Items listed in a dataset
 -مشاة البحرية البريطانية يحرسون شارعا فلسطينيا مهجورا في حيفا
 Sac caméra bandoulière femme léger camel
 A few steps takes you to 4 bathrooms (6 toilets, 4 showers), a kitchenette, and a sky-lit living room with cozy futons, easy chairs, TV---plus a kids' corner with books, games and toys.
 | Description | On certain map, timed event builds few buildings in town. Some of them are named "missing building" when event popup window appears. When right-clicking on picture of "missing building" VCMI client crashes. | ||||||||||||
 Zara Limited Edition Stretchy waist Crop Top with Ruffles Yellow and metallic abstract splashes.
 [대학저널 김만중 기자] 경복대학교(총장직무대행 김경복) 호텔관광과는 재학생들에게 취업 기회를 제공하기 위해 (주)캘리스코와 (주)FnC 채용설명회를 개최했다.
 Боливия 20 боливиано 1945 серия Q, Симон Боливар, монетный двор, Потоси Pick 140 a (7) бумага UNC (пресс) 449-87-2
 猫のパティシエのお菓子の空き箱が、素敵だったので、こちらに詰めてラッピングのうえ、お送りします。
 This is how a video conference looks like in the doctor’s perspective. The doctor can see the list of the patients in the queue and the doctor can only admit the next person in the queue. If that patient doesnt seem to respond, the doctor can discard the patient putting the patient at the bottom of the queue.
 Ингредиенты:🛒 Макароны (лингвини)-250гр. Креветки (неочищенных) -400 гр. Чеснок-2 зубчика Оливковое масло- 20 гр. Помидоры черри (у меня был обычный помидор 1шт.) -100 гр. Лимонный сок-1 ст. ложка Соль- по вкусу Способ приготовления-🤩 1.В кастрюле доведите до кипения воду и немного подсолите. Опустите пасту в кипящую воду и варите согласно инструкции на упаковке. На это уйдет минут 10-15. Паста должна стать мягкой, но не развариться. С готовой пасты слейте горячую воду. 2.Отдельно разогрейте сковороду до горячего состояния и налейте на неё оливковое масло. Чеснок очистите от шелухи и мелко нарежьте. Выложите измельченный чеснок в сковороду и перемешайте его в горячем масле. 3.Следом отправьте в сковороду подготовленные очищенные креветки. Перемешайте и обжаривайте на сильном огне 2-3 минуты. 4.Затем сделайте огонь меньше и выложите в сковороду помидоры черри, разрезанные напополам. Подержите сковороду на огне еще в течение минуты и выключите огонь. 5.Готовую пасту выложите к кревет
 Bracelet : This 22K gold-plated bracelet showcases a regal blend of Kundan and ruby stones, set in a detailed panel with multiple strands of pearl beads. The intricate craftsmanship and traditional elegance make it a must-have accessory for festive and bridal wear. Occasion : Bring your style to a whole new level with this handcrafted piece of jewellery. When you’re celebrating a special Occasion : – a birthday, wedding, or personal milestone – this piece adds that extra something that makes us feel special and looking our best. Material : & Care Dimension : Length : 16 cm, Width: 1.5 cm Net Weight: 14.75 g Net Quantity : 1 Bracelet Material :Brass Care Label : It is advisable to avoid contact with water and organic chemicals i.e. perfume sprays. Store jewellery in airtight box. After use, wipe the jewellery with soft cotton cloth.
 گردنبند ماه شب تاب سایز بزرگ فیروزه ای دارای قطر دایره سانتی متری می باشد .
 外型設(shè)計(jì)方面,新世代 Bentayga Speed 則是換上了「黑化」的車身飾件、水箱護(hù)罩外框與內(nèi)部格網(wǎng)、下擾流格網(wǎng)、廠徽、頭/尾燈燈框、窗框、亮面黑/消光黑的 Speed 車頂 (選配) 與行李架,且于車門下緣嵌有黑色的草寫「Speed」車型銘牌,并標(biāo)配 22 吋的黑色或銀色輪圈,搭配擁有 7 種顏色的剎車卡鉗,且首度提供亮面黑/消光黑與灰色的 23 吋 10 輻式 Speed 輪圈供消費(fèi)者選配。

#### What you have to do
Please make an exact copy of the lines above from the line with "猫のパティシエのお菓子の空き" through the line with "Ингредиенты:🛒 Макароны (лингвини)-250гр.", both ends included.

#### Your response
 猫のパティシエのお菓子の空き箱が、素敵だったので、こちらに詰めてラッピングのうえ、お送りします。
 This is how a video conference looks like in the doctor’s perspective. The doctor can see the list of the patients in the queue and the doctor can only admit the next person in the queue. If that patient doesnt seem to respond, the doctor can discard the patient putting the patient at the bottom of the queue.
 Ингредиенты:🛒 Макароны (лингвини)-250гр. Креветки (неочищенных) -400 гр. Чеснок-2 зубчика Оливковое масло- 20 гр. Помидоры черри (у меня был обычный помидор 1шт.) -100 гр. Лимонный сок-1 ст. ложка Соль- по вкусу Способ приготовления-🤩 1.В кастрюле доведите до кипения воду и немного подсолите. Опустите пасту в кипящую воду и варите согласно инструкции на упаковке. На это уйдет минут 10-15. Паста должна стать мягкой, но не развариться. С готовой пасты слейте горячую воду. 2.Отдельно разогрейте сковороду до горячего состояния и налейте на неё оливковое масло. Чеснок очистите от шелухи и мелко нарежьте. Выложите измельченный чеснок в сковороду и перемешайте его в горячем масле. 3.Следом отправьте в сковороду подготовленные очищенные креветки. Перемешайте и обжаривайте на сильном огне 2-3 минуты. 4.Затем сделайте огонь меньше и выложите в сковороду помидоры черри, разрезанные напополам. Подержите сковороду на огне еще в течение минуты и выключите огонь. 5.Готовую пасту выложите к кревет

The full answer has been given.